O Steelers não foi uma franquia vencedora desde a sua criação, que aconteceu em 08 de julho de 1933. A primeira vez que conseguiu uma campanha positiva em temporada regular foi apenas no ano de 1942. O primeiro jogo de pós-temporada só aconteceu em 1947, mas com derrota para o Eagles por 21 a 0. Nas décadas de 1950 e 1960, o Steelers não passou de uma equipe mediana, sempre com campanhas ruins, mostrando que algo deveria ser mudado para que a franquia pudesse dar um salto de qualidade.

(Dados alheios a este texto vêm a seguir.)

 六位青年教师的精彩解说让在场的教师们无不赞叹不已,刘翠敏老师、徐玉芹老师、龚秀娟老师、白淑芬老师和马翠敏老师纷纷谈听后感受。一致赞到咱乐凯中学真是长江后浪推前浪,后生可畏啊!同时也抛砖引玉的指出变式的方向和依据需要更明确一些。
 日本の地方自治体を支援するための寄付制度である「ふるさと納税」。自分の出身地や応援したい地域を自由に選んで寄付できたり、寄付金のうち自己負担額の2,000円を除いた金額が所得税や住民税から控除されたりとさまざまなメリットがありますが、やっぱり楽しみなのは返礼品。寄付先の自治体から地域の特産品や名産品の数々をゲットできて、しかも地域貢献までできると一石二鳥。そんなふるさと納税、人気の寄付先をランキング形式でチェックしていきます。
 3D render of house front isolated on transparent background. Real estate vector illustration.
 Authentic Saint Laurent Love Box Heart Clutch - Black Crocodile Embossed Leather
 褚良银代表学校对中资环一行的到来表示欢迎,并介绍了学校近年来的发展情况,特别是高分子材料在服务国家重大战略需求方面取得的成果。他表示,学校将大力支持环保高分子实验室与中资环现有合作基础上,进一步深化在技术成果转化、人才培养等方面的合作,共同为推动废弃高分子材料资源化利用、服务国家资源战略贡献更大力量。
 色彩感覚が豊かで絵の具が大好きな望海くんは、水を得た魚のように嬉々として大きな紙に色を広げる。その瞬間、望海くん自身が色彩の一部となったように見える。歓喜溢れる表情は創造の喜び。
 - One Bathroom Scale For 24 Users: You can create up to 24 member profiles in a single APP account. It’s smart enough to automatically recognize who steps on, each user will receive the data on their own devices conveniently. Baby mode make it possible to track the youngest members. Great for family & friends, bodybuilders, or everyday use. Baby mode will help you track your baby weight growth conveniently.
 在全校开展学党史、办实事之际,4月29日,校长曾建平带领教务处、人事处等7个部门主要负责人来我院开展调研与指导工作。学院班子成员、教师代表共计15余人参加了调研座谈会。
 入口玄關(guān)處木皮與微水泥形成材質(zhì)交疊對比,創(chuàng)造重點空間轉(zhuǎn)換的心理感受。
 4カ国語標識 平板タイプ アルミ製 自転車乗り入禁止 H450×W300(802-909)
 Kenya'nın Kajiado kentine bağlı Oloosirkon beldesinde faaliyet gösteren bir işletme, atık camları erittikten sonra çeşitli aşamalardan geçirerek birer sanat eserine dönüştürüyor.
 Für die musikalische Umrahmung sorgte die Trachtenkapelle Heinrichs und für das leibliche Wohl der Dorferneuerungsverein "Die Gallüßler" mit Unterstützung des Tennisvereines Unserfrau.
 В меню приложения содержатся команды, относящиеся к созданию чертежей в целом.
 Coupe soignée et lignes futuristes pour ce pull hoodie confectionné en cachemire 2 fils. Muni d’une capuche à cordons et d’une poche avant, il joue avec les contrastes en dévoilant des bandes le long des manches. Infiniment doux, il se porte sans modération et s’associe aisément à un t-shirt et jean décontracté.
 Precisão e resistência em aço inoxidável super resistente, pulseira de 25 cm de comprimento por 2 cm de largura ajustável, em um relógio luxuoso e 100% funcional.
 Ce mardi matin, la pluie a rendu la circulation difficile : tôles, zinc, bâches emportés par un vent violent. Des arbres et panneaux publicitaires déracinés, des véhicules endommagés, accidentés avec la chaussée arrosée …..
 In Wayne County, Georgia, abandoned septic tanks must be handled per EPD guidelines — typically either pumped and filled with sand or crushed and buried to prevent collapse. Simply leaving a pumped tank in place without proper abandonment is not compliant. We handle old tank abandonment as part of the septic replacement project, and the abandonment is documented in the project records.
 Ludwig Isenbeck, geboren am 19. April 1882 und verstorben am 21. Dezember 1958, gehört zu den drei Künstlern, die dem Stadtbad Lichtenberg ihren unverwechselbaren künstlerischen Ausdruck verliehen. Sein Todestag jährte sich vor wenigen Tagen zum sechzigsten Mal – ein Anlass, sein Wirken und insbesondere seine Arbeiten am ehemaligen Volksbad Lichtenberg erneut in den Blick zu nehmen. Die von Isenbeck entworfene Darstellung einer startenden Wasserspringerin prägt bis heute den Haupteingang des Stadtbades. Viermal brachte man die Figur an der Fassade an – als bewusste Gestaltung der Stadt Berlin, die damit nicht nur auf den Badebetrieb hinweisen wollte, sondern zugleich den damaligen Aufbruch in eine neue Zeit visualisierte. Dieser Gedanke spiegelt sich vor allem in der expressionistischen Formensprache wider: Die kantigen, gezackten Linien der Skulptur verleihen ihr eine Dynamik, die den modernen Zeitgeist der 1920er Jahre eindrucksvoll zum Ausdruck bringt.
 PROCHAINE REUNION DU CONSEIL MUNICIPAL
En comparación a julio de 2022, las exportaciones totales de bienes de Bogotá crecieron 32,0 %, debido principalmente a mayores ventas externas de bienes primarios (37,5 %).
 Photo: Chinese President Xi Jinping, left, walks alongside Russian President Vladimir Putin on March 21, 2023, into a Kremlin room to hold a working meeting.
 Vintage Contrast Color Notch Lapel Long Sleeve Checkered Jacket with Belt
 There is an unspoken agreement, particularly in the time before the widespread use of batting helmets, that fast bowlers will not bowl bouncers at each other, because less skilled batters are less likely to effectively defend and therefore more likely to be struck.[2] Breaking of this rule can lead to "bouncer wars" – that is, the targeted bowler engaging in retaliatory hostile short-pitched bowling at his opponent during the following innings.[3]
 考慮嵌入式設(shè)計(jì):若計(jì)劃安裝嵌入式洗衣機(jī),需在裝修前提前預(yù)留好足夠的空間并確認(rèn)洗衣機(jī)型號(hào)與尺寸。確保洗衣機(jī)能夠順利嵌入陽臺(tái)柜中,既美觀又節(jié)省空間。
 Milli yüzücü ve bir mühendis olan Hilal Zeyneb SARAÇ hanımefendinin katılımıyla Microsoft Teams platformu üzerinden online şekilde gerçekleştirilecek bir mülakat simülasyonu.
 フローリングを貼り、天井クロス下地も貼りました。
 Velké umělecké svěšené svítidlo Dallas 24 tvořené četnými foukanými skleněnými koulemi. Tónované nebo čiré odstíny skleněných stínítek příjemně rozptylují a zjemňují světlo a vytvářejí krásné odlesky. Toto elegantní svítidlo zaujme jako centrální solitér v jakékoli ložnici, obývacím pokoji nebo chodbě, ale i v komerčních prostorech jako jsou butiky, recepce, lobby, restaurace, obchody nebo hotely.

Foi então que a contratação do assistente de defesa do Baltimore Colts mudou muita coisa. Em 1969, a franquia foi atrás de Chuck Noll, de 37 anos, e que não tinha nenhuma experiência como técnico principal de algum time na NFL, tanto que a primeira temporada terminou com uma campanha de 1-13, o único saldo positivo foi selecionar o DT “Mean” Joe Greene, “Defensive Rookie of the Year” naquele ano. Em 1970, o Steelers inaugurou o “Three River Stadium”, mudou-se para AFC e selecionou o QB Terry Bradshaw com primeira escolha do Draft. Porém, dentro de campo mais uma campanha negativa de 5-9.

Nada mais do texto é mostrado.